═════ Records

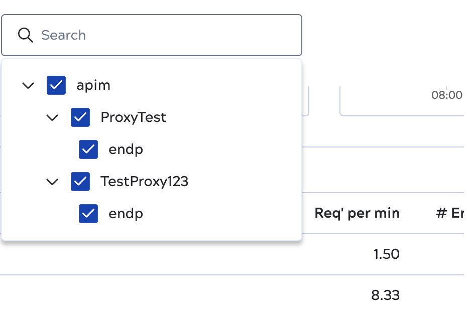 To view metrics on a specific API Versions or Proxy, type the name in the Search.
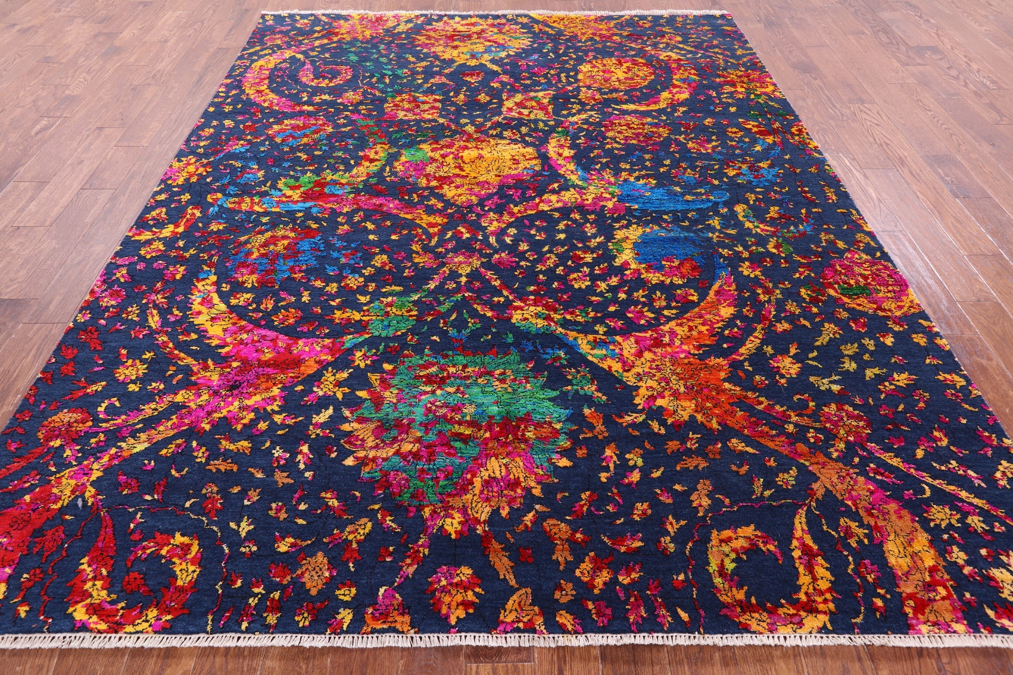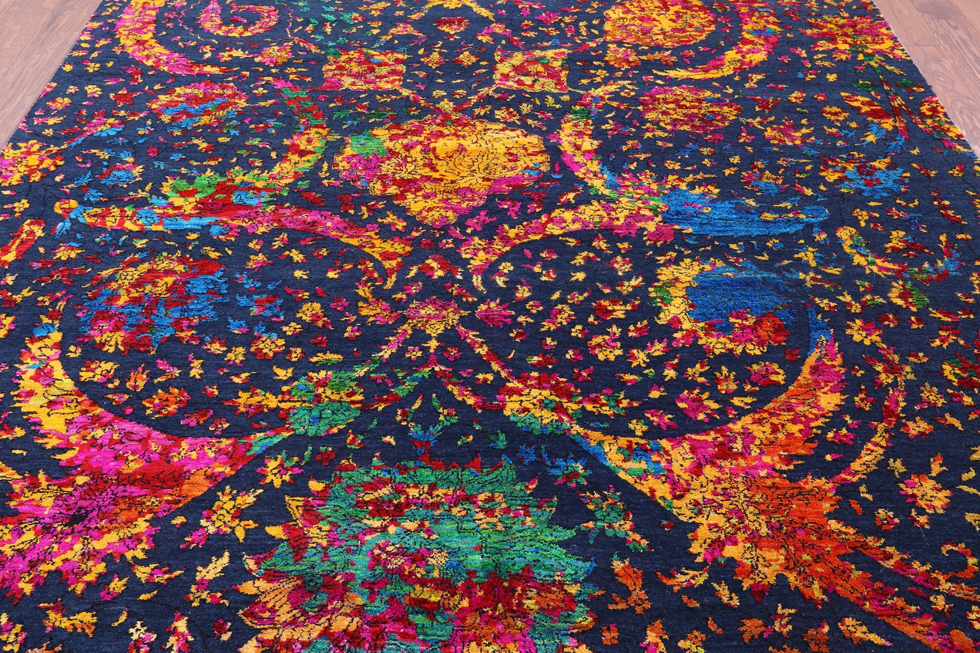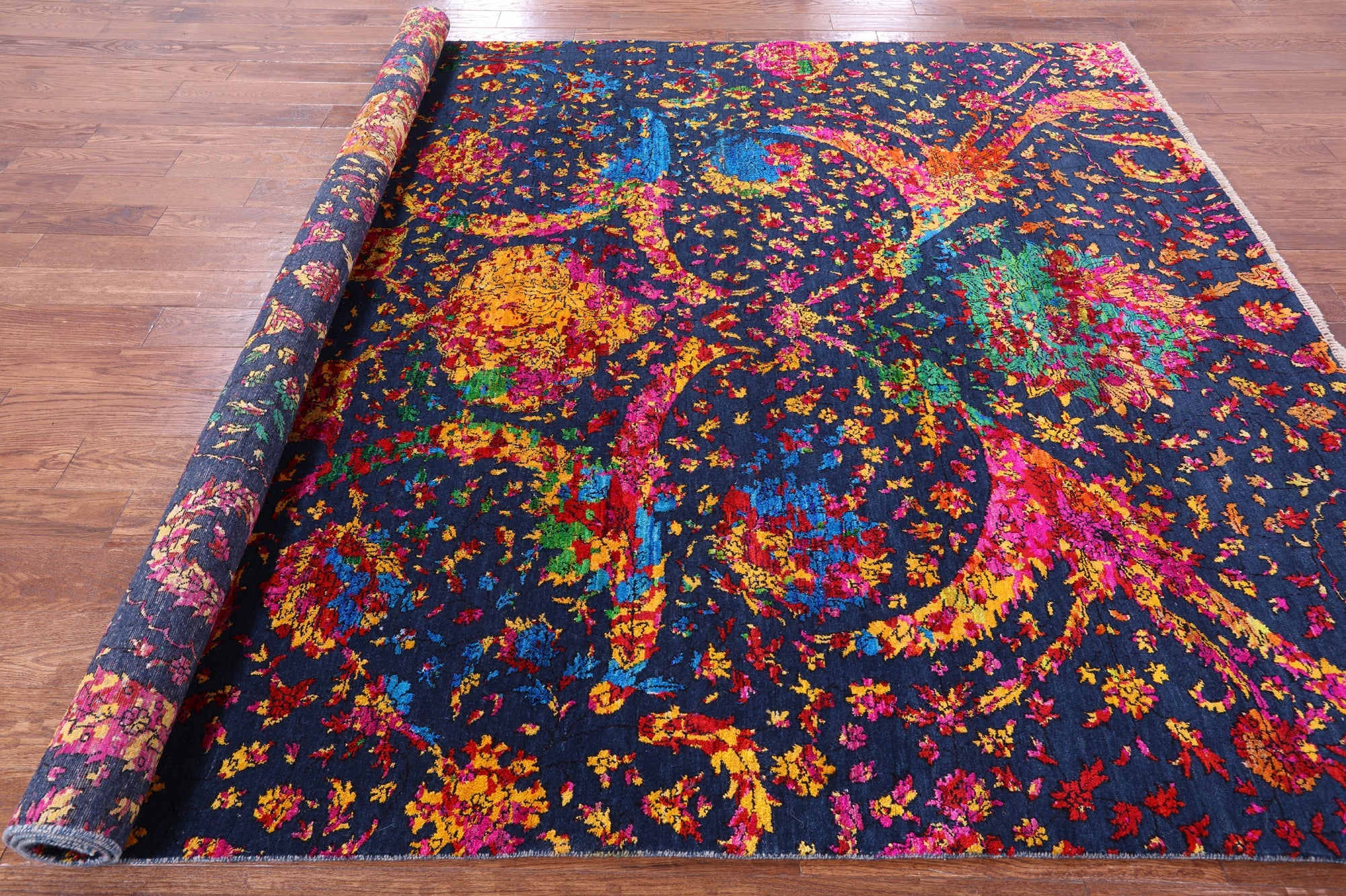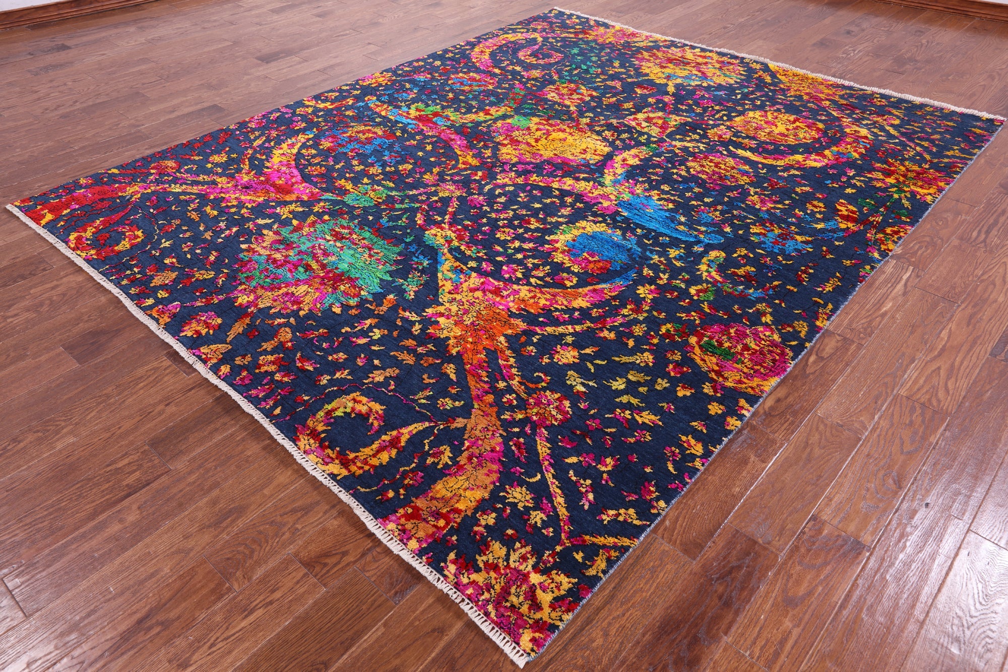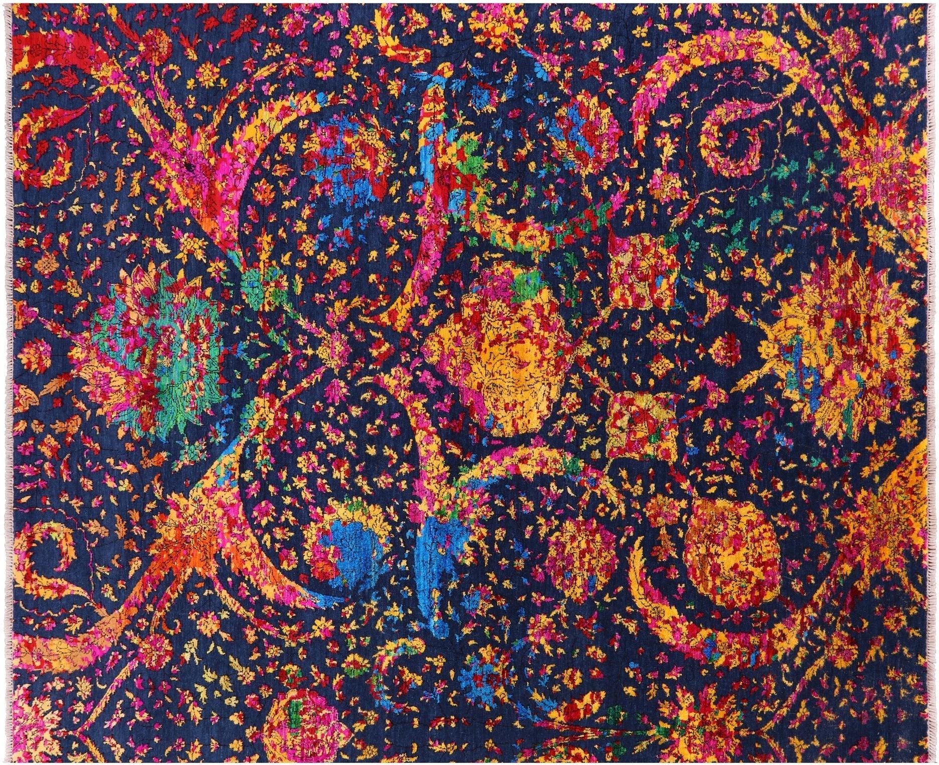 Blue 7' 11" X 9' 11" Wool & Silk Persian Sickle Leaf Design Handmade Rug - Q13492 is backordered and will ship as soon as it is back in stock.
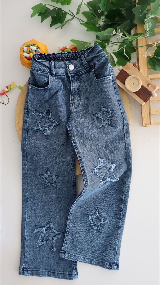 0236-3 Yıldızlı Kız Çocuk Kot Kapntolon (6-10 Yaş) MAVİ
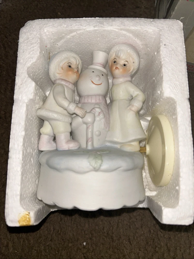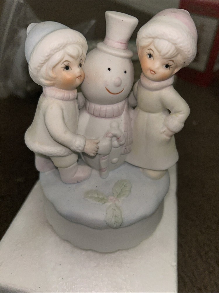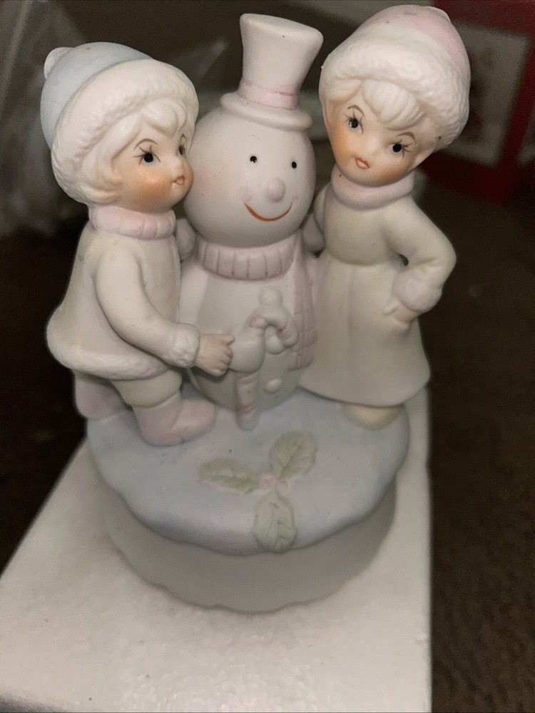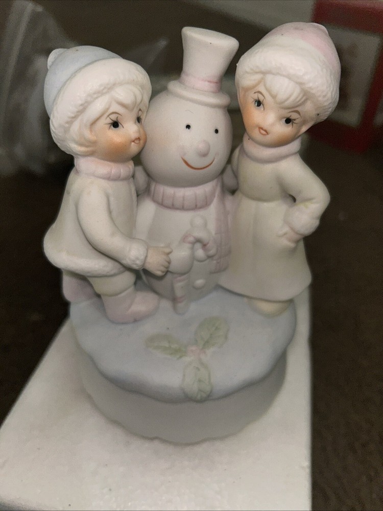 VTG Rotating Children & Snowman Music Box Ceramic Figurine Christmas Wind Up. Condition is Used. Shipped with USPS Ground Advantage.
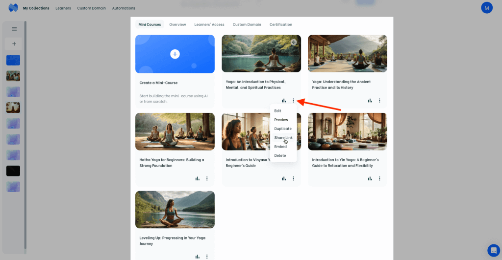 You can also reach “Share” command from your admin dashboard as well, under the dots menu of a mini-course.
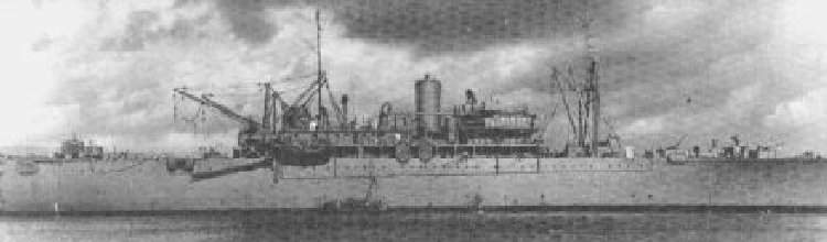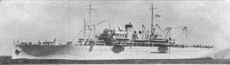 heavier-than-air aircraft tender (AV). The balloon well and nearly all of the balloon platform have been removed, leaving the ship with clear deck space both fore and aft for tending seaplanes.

══════════

* _Your instructions_:
All that belongs in the answer is the lines from the line with "0236-3 Yıldızlı Kız" through the closing line of the entries, inclusive, transcribed exactly and free of pictures.

* _Task output_:
 0236-3 Yıldızlı Kız Çocuk Kot Kapntolon (6-10 Yaş) MAVİ
 VTG Rotating Children & Snowman Music Box Ceramic Figurine Christmas Wind Up. Condition is Used. Shipped with USPS Ground Advantage.
 You can also reach “Share” command from your admin dashboard as well, under the dots menu of a mini-course.
 heavier-than-air aircraft tender (AV). The balloon well and nearly all of the balloon platform have been removed, leaving the ship with clear deck space both fore and aft for tending seaplanes.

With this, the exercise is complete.